I shook hands with a murderer once. I didn’t release it at the time.
I was a new reporter working on my first, big missing persons story and had been granted an unexpected interview with the family of a teenager who hadn’t returned home for three weeks. She was out there somewhere, texting her mother from time to time, saying she was ok but didn’t want to come home. So I jumped in my car to try and find the small village in the middle of nowhere in the South Wales valleys. I’d been ordered to come back with something interesting before the late deadline, a nice colour piece for the next day, an appeal from the anxious mum and her partner.

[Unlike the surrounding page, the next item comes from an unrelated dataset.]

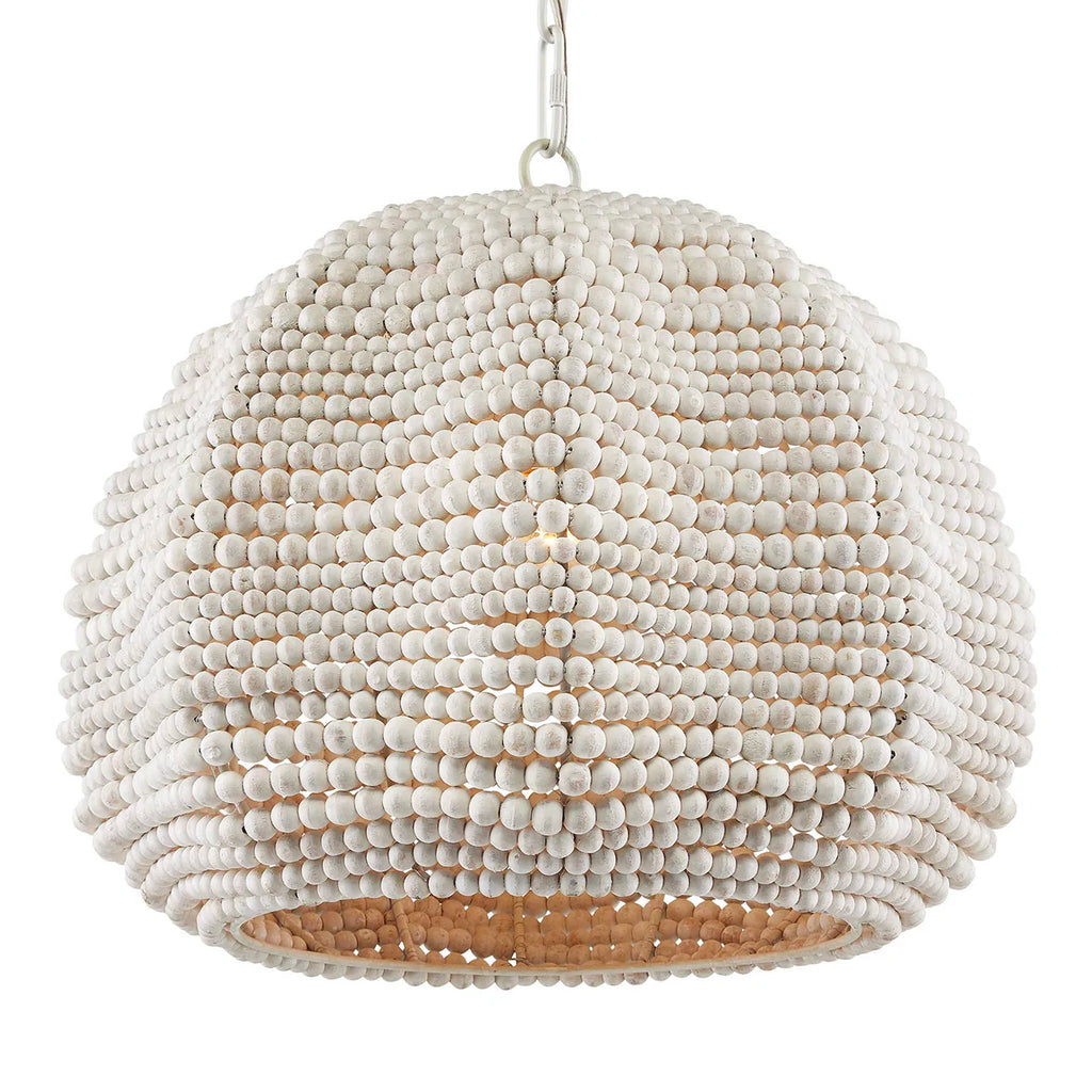 The Currey & Co Octavia Pendant has a flowing profile made of wood beads that have been whitewashed and strung along metal wire so that the shape will remain whimsical. This white pendant fits perfectly within the coastal design aesthetic that is sought after for interiors. The desire for casual elements that hold up to the highest design standards is driving this movement.

It was a strange experience, sitting in the neat front room of the small terraced house while a white-suited forensic officer made a show of dusting fingerprint powder on a stack of CDs and books. The mum was clearly upset, her boyfriend tongue-tied, finding it hard to answer my simple questions about when he’d seen the girl last, what he’d tell her if he could appeal to her directly. I was in ‘reporter mode’, not allowing myself to think about what they were going through, trying to be gentle and sympathetic but all the while struggling to get something worthwhile from the interview, some usable quotes. I had one eye on the clock, thinking of my deadline approaching. I knew I’d have to be a bit creative to please my editor so I hared back to Cardiff with a bundle of scribbled notes and we ran a simple story.
A week later two CID officers turned up to interview me, the tables turned for once, seizing my notebooks with the scribbles inside. Some weeks later they arrested the man for murder and many months later he was convicted of killing the teenager, lashing out in a fit of anger then hiding her body in panic. The worst thing was that he appeared to have been sending texts from the girl’s phone for weeks aftwerwards, to make people think she was still alive. The police must have suspected all along. They’d probably approved the interview because they’d wanted to see how he’d react to my questioning.
I told myself that I’d known something wasn’t right, that I’d suspected, but had I? He couldn’t meet my eye but I’d put his nerves down to nothing more than the fact that no one likes to speak to a reporter. The missing girl had died in that house, where I’d shook the parents’ hands when I left. It alarmed me to think I’d been sitting five feet from someone who could do something like that, that I’d been oblivious to the fact I was at the scene of something so terrible.
It was the first of many experiences that made me realise how ordinary people can hide awful things. It was the first time I really thought about writing a crime novel because that simple fact interested me more than tales about complicated serial killers and their elaborate plans. The truth is terrible enough. The simplest choices have dreadful consequences – ordinary people are capable of horrifying acts.
The mystery is that we don’t find more people hiding horrifying secrets, or perhaps that we never suspect them…
Sometimes we just have "to go there" to figure out what works in a murder, or a murder mystery.